SQL Databases: Model Ts for 2010
November 11, 2009
I have been increasingly nervous about Dr. Codd’s beautiful baby, now getting close to Medicare qualification. The knock against SQL databases is that these systems can take quite a bit of work to get in shape for big data. If you want more detail about the limitations of SQL databases, navigate to Adam Wiggins “SQL Databases Don’t Scale”. One of the most interesting comments in the article, in my opinion, was:
So where do we go from here? Some might reply “keep trying to make SQL databases scale.” I disagree with that notion. When hundreds of companies and thousands of the brightest programmers and sysadmins have been trying to solve a problem for twenty years and still haven’t managed to come up with an obvious solution that everyone adopts, that says to me the problem is unsolvable. Like Kirk facing the Kobayashi Maru, we can only solve this problem by redefining the question.
My answer is different data management systems: Aster Data, Exalead, InfoBright, or similar next generation systems.
Stephen Arnold, November 11, 2009
If you think anyone paid me for stating the obvious, you, dear enforcement official, are wrong.
Comments
One Response to “SQL Databases: Model Ts for 2010”

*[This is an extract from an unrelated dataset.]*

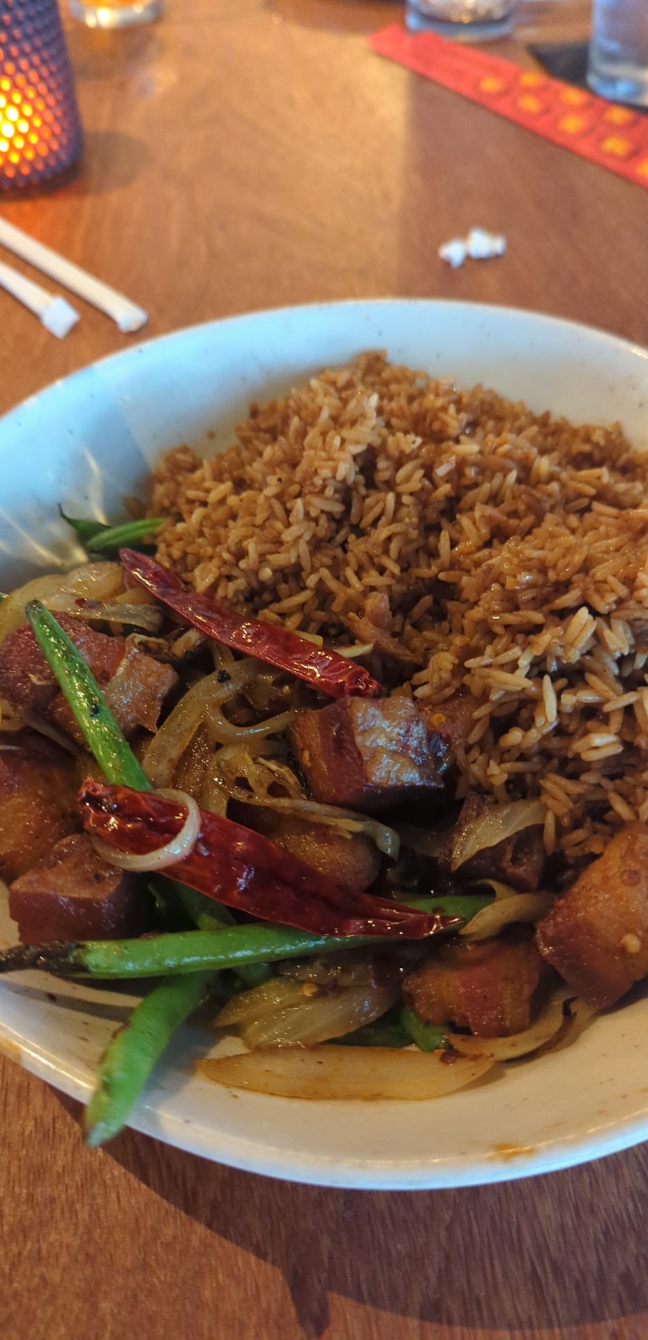 I have eaten at Juan Siao many times, but my lunch there on December 26, 2023 was nothing short of terrible – from service to food. We seated ourselves and a gentlemen walked by us several times before even acknowledging us – finally he can and asked us if we wanted something to drink – we ordered and then he still never offered menus. So, after a wait he brought the drinks and still never offered us menus – we have to stop him and ask for menus. We made our choices, had to ask him to take our order and were told hold on he would be back in a minute to take the orders. He finally came back and we ordered an appetizer (Chorizo Fries), two lunch orders Birria Tacos w/cheese on the side and Orange Chicken, no peppers, white rice and a spring roll. The Chorizo fries came out and they were amazing – but it was difficult to get the fries out with any of the toppings (cheese, chorizo, green onions) so I asked for a spoon (from our waiter) – he never brought it but he walked by out table multiple times and still never brought it – I asked a server that walked by for a spoon, finally he said he would have to walk downstairs for the spoon and then after a while another person brought the spoon. As you may guess, the appetizer was cold by then. Before the lunch choices came out the waiter brought us more drinks – ever though we had not finished the ones we had. When our lunch choices came out we notices the Birria Tacos had cheese on them and my Orange Chicken looked very dark in color. The waited came by again and asked if everything was ok – at this point we had not ever tried the food yet, but he proceeded to bring us another drink, so the table was covered in 6 glasses of pop and one glass of water. We proceeded to eat and I realized the chicken was over cooked and there was no hint of any orange flavor and the Birria Tacos, really did not have any flavor either. I continued to stir it around hoping for come flavor and it never happened. After we had finished eating (what we could) we had to finally ask for the check. When he brought the check, he placed it on the table in a huge wet spot from all of the sweating from the glasses, we then had to ask for a napkin to wipe off the table. I proceeded to tell him about the meal and all he said was – I wish you would have told me sooner – he never ever said he was sorry – we paid the tab and finally lunch was over. I was super disappointed because this was the first visit for the person with me and she will not be going back – based on this meal. The service and food were both...

SQL was designed as a efficient and reliable method of managing the data transaction; though even with all the enhancements it has never proven to be a the appropriate candidate to handle and manipulate big data.
SQL not only needs to scale and grow with the data; but also how users ask questions; which yes leads to different methods of storing and accessing data, along with getting the logic closer to the data.